City of Akron v. Jack G. Recklaw
Decision Date | 30 January 1991 |
Docket Number | 14671,91-LW-1599 |
Parties | CITY OF AKRON, Plaintiff-Appellee v. JACK G. RECKLAW, Defendant-Appellant C. A. |
Court | Ohio Court of Appeals |
This cause was heard upon the record in the trial court. Each error assigned has been reviewed and the following disposition is made:
The issue in this appeal is whether defendant-appellant, Jack Recklaw's, convictions for assaulting a police office and resisting arrest must be overturned as the product of an unconstitutional search and seizure. We affirm.
During the early morning hours of January 12, 1990, Akron City Police Officers, Brian Reilly and Timothy Galarde, entered the home of defendant-appellant, Jack Recklaw, in the course of an investigation. When the officers failed to leave the premises upon Recklaw's insistence, a scuffle ensued and Recklaw was arrested and charged with resisting arrest, Akron City ordinances (ACO) Section 136.13, and assaulting an officer, ACO Section 135.03.
Recklaw filed a motion to suppress alleging that the officers violated his constitutional rights against unreasonable searches and seizures. An evidentiary hearing was conducted and the motion was denied. A jury convicted Recklaw on both counts. This appeal follows.
These four assignments of error all address the same general issue and will be discussed simultaneously. Recklaw insists that the charges against him should have been dismissed as the product of an illegal search and seizure. We disagree.
Regardless of whether the police actually entered his home unlawfully - a point we need not decide - Recklaw's conduct was not privileged against arrest. The Fourth Amendment's exclusionary rule, which Recklaw seeks to invoke, does not sanction violence as an acceptable response to improper police conduct. The exclusionary rule only pertains to evidence obtained as a result of an unlawful search and seizure. Weeks v. United States (1914), 232 U.S. 383; Mapp v. Ohio (1961) 367 U.S. 643; Wong Sun v. United States (1963), 371 U.S. 471. Further criminal acts -including assault and resisting arrest - are not legitimatized by Fourth Amendment transgressions. United States v Bailey (C.A. 11, 1982), 691 F. 2d 1009, 1016-1018, certiorari denied (1983), 461 U.S. 933.
Nor is Recklaw otherwise immune from prosecution. By judicial decree, the common law right to resist an unlawful arrest was largely abolished in Columbus v. Fraley (1975), 41 Ohio St. 2d 173, certiorari denied (1975), 423 U.S. 872. The Court explicitly held in paragraph three of the syllabus that:
"In the absence of excessive or unnecessary force by an arresting officer, a private citizen may not use force to resist arrest by one he knows, or has good reason to believe, is an authorized police officer engaged in the performance of his duties, whether or not the arrest is illegal under the circumstances."
See, also, State v.

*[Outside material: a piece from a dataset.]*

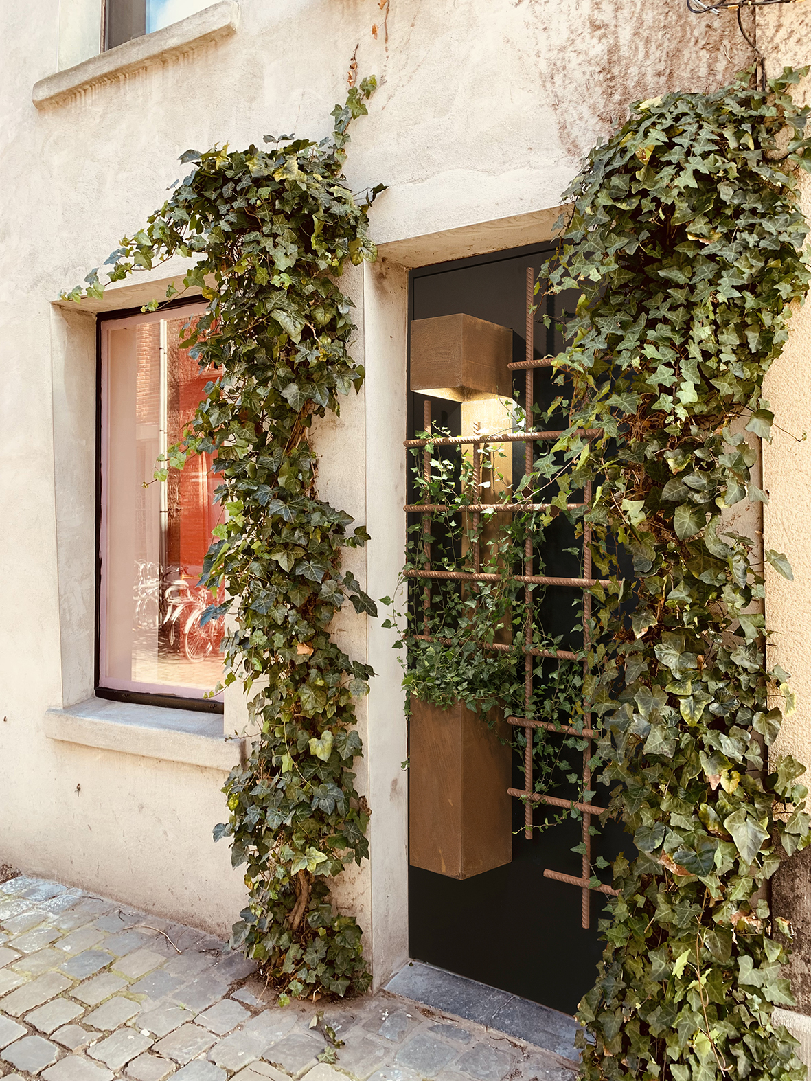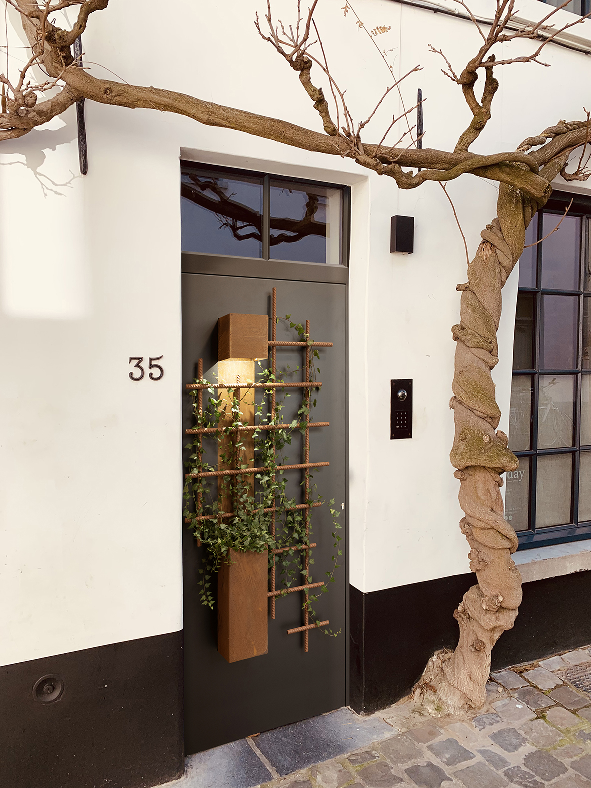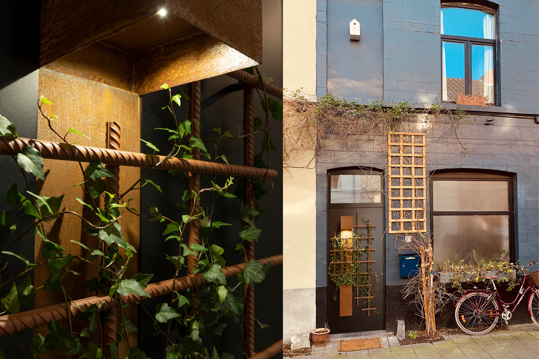 “Daarom heeft onze R&D-afdeling een deur ontwikkeld in cortenstaal, dat op een natuurlijke manier roest. Ze is echter ook begroeid met klimop en andere klimplanten die zich langs de deurtrekker een weg banen. Zo dragen we bij aan het verkoelen van de stad en aan het filteren van fijnstof in de lucht.”

Pembaur (1984), 9 Ohio St. 3d 136, certiorai denied (1984), 467 U.S. 1219. while one may refuse to consent to an unlawful search, assaulting a police officer and resisting arrest are rarely, if ever, acceptable. See United States v. Danehy (C.A. 11, 1982): 680 F. 2d 1311, 1315-1316; Middleburg Hts. v. Theiss (1985): 28 Ohio App. 3d 1, 4-5. Resort to such "self-help" remedies must be discouraged so that potentially violent conflicts are resolved in the courts and not in the community. Fraley, supra, at 180. The California Supreme Court has reasoned that:
[Citation omitted, emphasis in original).
People v. Curtis (1969), 70 Cal. 2d 347, ____, 74 Cal. Rptr. 713, 716, 450 P.2d 33, ____ (in bank).
The Court's holding in Fraley is codified in ACO Section 136.13(A) which defines resisting arrest. As in Fraley, this provision contains an exception for "excessive or unnecessary force by an arresting officer." Similarly, this court has recognized that self-defense is a valid defense to a charge of assault. Akron v. Dokes (1986), 31 Ohio App. 3d 24, 25; State v. Fox (1987), 36 Ohio App. 3d 78, 79-80. While Recklaw's contentions would appear to be more appropriately directed toward these questions of fact, his appeal is based entirely upon a misguided constitutional challenge. Since Recklaw has not provided this court with a trial transcript -choosing instead to supply only a partial transcript of the suppression hearing - we have no means to determine whether he was permitted to address these issues to the jury.(fn1)
Accordingly, these assignments of error are overruled.